## EXTRACTED MATERIAL
----

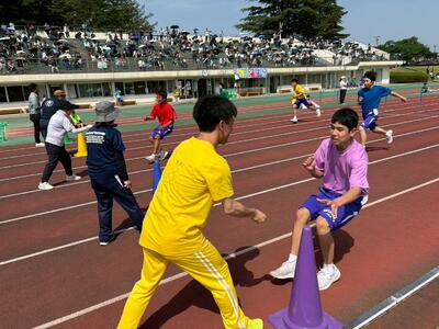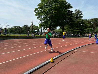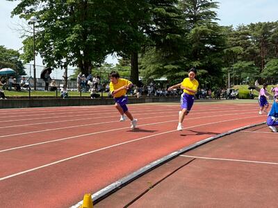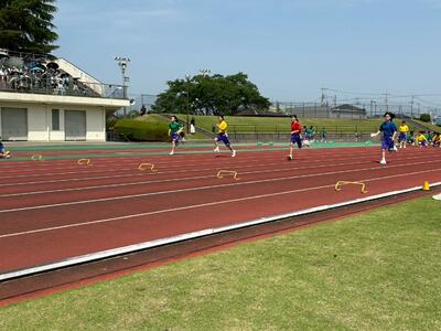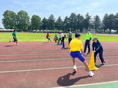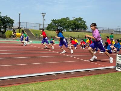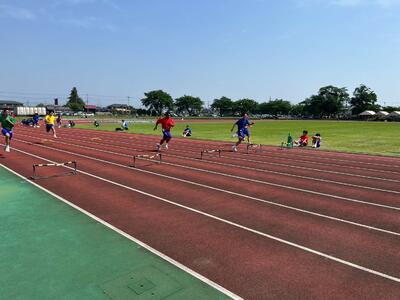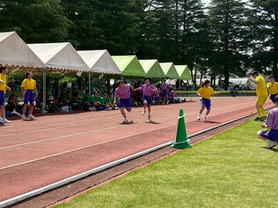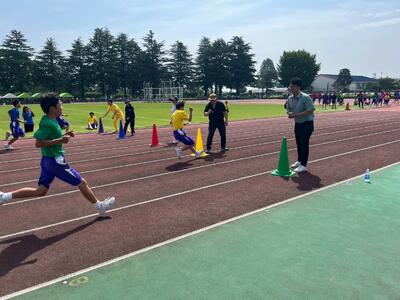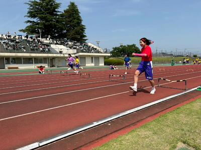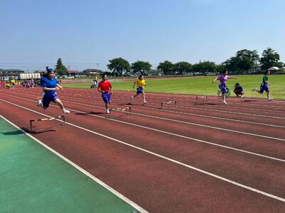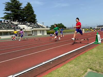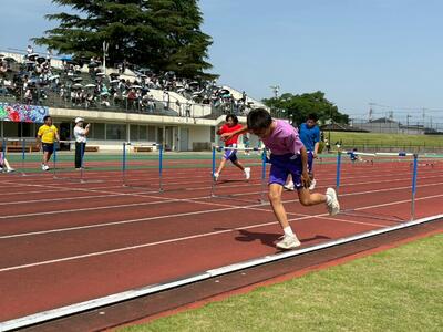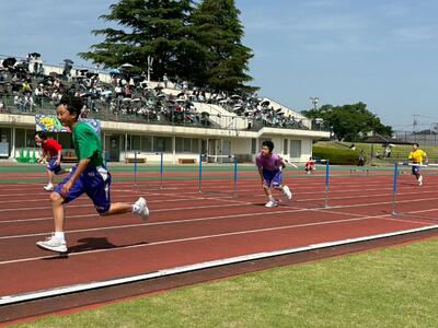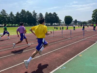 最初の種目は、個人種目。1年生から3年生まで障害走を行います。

----

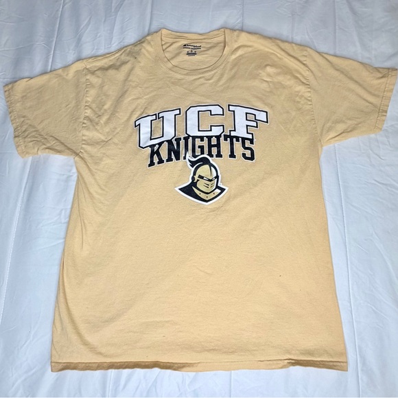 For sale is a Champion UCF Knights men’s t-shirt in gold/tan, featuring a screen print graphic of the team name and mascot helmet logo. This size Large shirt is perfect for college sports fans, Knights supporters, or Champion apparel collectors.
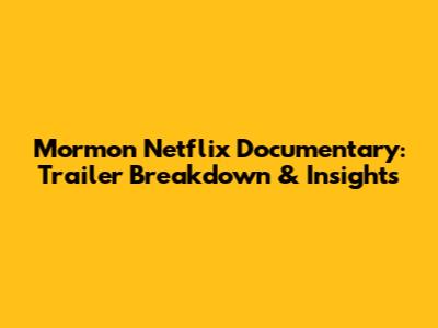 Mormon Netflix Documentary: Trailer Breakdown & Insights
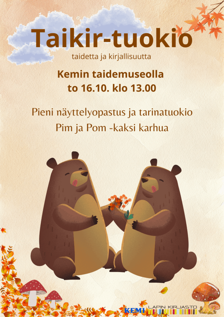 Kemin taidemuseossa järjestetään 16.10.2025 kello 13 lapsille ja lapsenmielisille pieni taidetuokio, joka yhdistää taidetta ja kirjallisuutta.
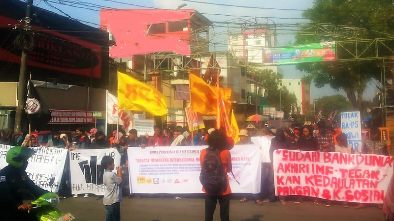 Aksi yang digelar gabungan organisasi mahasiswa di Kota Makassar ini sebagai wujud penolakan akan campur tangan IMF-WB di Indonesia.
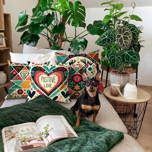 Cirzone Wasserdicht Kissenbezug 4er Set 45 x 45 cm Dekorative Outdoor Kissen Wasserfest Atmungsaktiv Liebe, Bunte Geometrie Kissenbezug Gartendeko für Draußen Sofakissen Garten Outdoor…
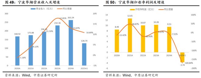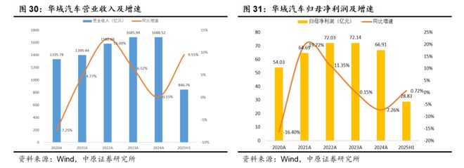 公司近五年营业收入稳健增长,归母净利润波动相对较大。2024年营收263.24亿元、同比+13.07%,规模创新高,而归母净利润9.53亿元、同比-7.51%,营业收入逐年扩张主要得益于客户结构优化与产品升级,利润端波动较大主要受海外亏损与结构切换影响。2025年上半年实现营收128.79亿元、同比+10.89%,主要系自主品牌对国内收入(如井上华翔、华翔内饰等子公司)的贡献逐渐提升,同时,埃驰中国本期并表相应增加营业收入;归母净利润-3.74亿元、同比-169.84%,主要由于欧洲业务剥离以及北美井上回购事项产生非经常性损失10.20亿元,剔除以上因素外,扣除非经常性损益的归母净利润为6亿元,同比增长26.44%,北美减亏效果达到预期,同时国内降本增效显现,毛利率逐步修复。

----

## YOUR GOAL
Take the material above from the line bearing "Kemin taidemuseossa järjestetään" through the line bearing "公司近五年营业收入稳健增长,归母净利润波" and write it out exactly, both end lines included. Pictures stay out.

## WRITTEN RESPONSE
 Kemin taidemuseossa järjestetään 16.10.2025 kello 13 lapsille ja lapsenmielisille pieni taidetuokio, joka yhdistää taidetta ja kirjallisuutta.
 Aksi yang digelar gabungan organisasi mahasiswa di Kota Makassar ini sebagai wujud penolakan akan campur tangan IMF-WB di Indonesia.
 Cirzone Wasserdicht Kissenbezug 4er Set 45 x 45 cm Dekorative Outdoor Kissen Wasserfest Atmungsaktiv Liebe, Bunte Geometrie Kissenbezug Gartendeko für Draußen Sofakissen Garten Outdoor…
 公司近五年营业收入稳健增长,归母净利润波动相对较大。2024年营收263.24亿元、同比+13.07%,规模创新高,而归母净利润9.53亿元、同比-7.51%,营业收入逐年扩张主要得益于客户结构优化与产品升级,利润端波动较大主要受海外亏损与结构切换影响。2025年上半年实现营收128.79亿元、同比+10.89%,主要系自主品牌对国内收入(如井上华翔、华翔内饰等子公司)的贡献逐渐提升,同时,埃驰中国本期并表相应增加营业收入;归母净利润-3.74亿元、同比-169.84%,主要由于欧洲业务剥离以及北美井上回购事项产生非经常性损失10.20亿元,剔除以上因素外,扣除非经常性损益的归母净利润为6亿元,同比增长26.44%,北美减亏效果达到预期,同时国内降本增效显现,毛利率逐步修复。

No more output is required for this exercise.